Global dividends reached a record $431.1 billion in the three months to 30 September, up 3.1 per cent year-on-year on both a headline and underlying basis. However, large cuts from a few companies obscured stronger growth across the market.
The latest Janus Henderson Global Dividend Index found that in Australia, dividends stood at US$18 billion ($27.7 billion) over the quarter. While a stronger Australian dollar boosted the headline growth rate along with a one-off special dividend from Woolworths, the underlying picture was down 0.8 per cent.
“In fact, one in seven Australian companies in our index made cuts to their dividends, the largest of which was Macquarie, whose profits are sharply lower owing to the impact of more stable energy markets on its commodity trading business and less income from selling green energy assets,” said Matt Gaden, head of Australia at Janus Henderson Investors.
The largest contribution came from Commonwealth Bank, which delivered a 4.1 per cent increase. The big four bank re-entered the list of top 10 dividends in sixth place during the quarter, having dropped to 11th place in the previous three-month period.
“Globally, banks accounted for a fifth of the total dividends paid in the quarter, rising 6.6 per cent on an underlying global basis and ahead of the average,” Gaden said.
Across Asia-Pacific ex Japan, payouts were markedly lower, the firm observed, dragged by weakness in Australia, Taiwan, and Hong Kong. Singapore remained an outlier, benefiting from large increases from its banks.
Meanwhile, median dividend growth at company level globally stood at 6 per cent in the third quarter. The majority (88 per cent) of companies raised payouts or held them steady.
Countries like China, India and Singapore all saw record dividends paid while the first year of dividends from tech giants like Meta and Alphabet boosted the already strong growth in the US, where 96 per cent of companies raised payouts or held them steady year-on-year.
Special dividends were also weaker than Q3 2023, Janus Henderson said, and given this lower level, it has trimmed its forecast slightly for 2024 to US$1.73 trillion. This is a headline increase of 4.2 per cent compared to 2023, but down from its previous estimate of 4.7 per cent headline growth.
Still, expectations for underlying growth were left unchanged at 6.4 per cent.
“The third quarter was more encouraging than the headline figures suggested,” said Ben Lofthouse, head of global equity income, and Jane Shoemake, client portfolio manager.
“Companies outside the US are increasingly following their US peers by adopting share buybacks as a means of returning surplus cash to shareholders and this may be diverting cash from special dividends. These one-off special dividends are very volatile, however, so it is too early to call a firm trend.”

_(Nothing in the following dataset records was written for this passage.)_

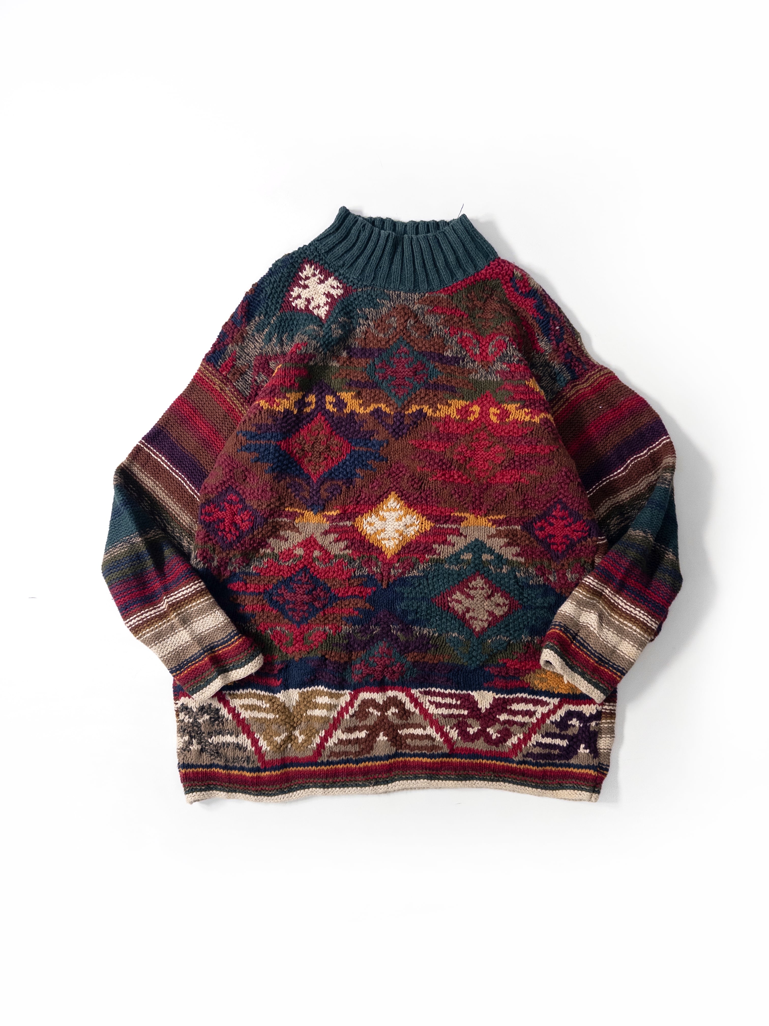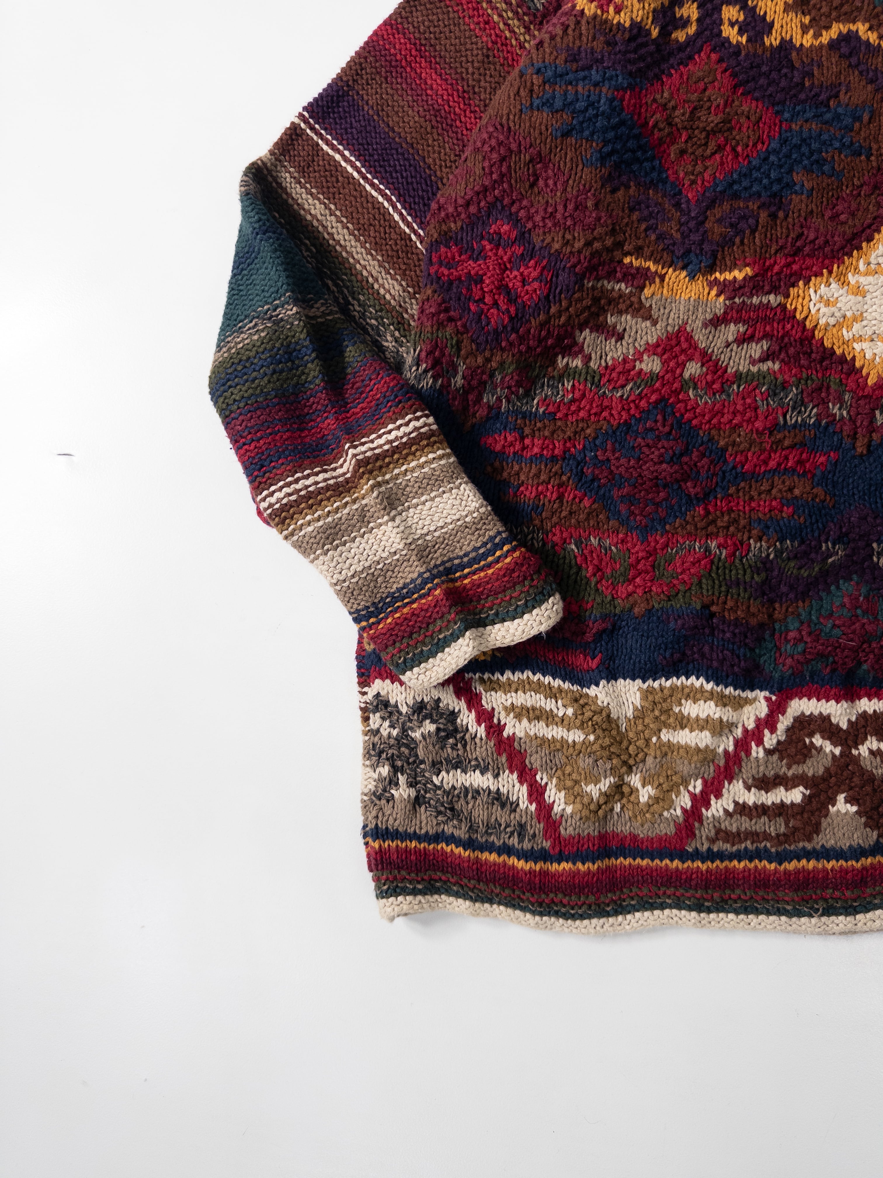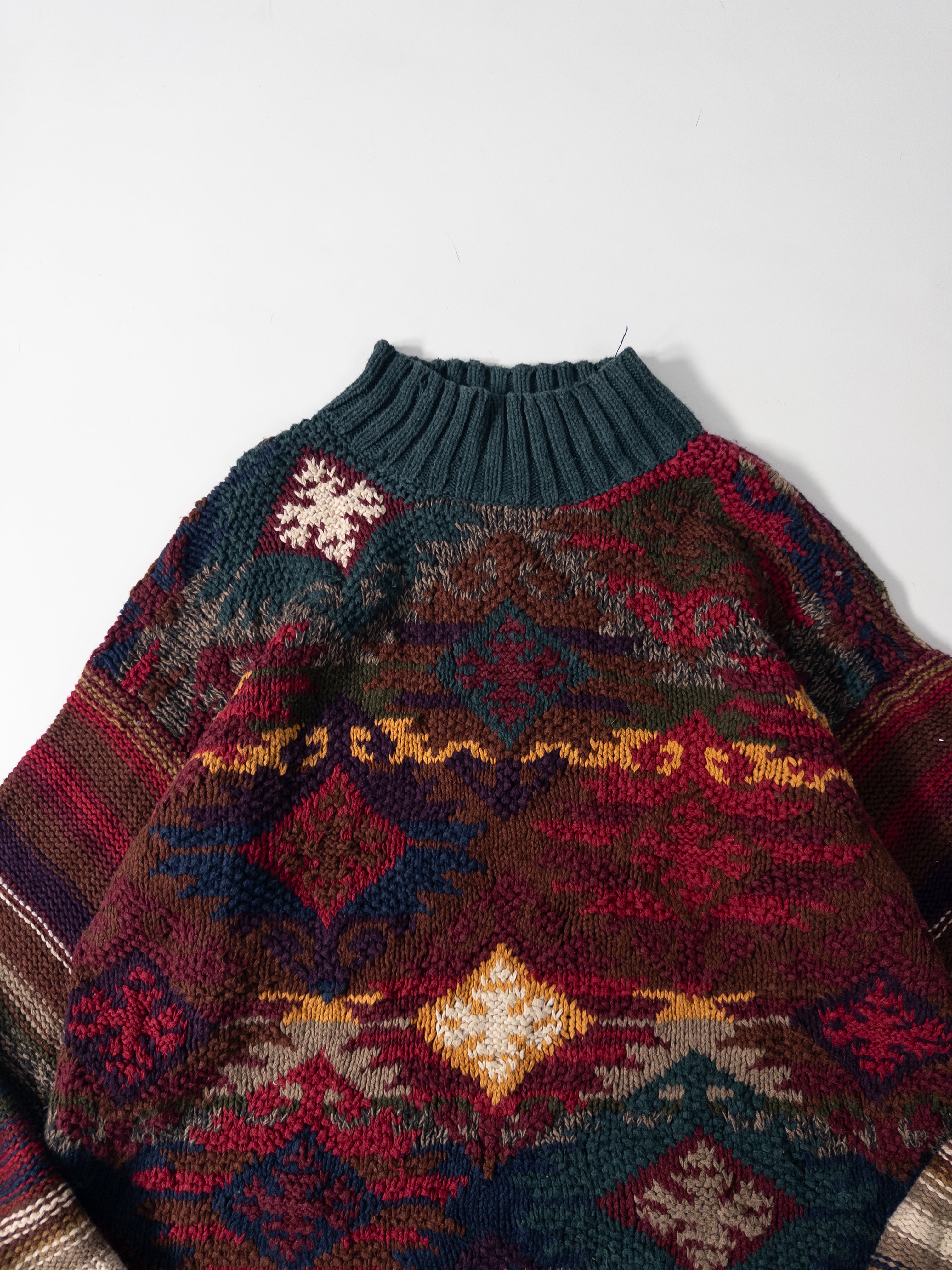 表と裏でまったく違う顔を持つ、二面性のあるネイティブジャカードニット。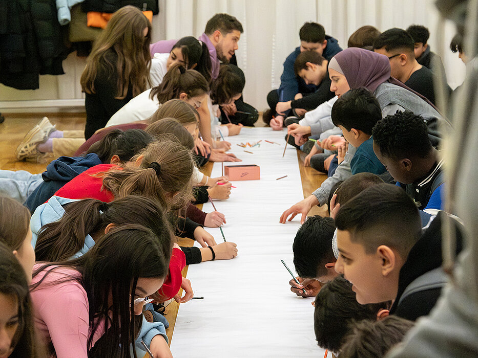 Bei der abschließenden Präsentation stellten alle vier Gruppen ihre Ergebnisse vor. Die künstlerischen Beiträge reichten von performativen Formaten über visuelle Arbeiten bis hin zu interaktiven Elementen und zeigten eindrucksvoll, wie intensiv sich die Jugendlichen innerhalb kurzer Zeit mit komplexen Themen auseinandergesetzt hatten. Besonders beeindruckend war, dass viele der Schüler*innen zuvor nur wenig Erfahrung mit künstlerischen Arbeitsweisen hatten.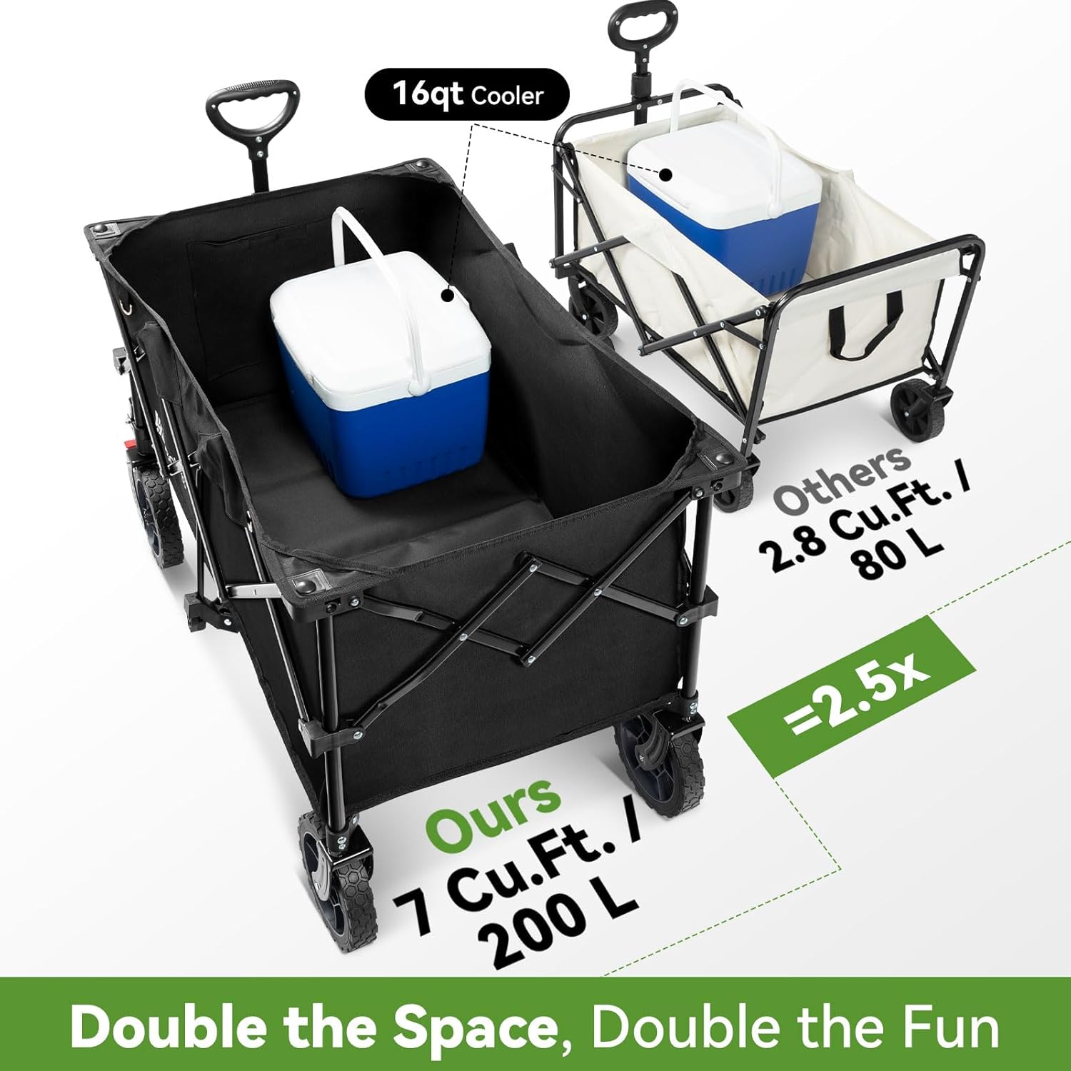- ππππ ππππππππ - ππππππ ππ§π ππππππ π’π§ πππ©πππ’ππ²: No more backache from carrying too much stuff with our durable utility wagon! Comparing with other wagon carts of standard size, our collapsible cart possesses a much DEEPER and ENLARGED storage space of 36.2" x 21.7" x 15" with plenty of room to hold all your stuff.

They noted concerns of higher interest rates causing significant strain on the global economy have been misplaced thus far, with companies reporting it is getting easier to refinance debts and banks appearing well-capitalised and generating good returns.
“Company profitability in most parts of the world looks robust and implies that dividend growth can continue into 2025. Dividends, in any case, show more steady growth than profits over time as companies seek to manage payout ratios over the business cycle,” they said.
“It is in this context that apparently slower Q3 growth should be seen. We remain confident that underlying growth this year will be in line with the strong showing in the first half.”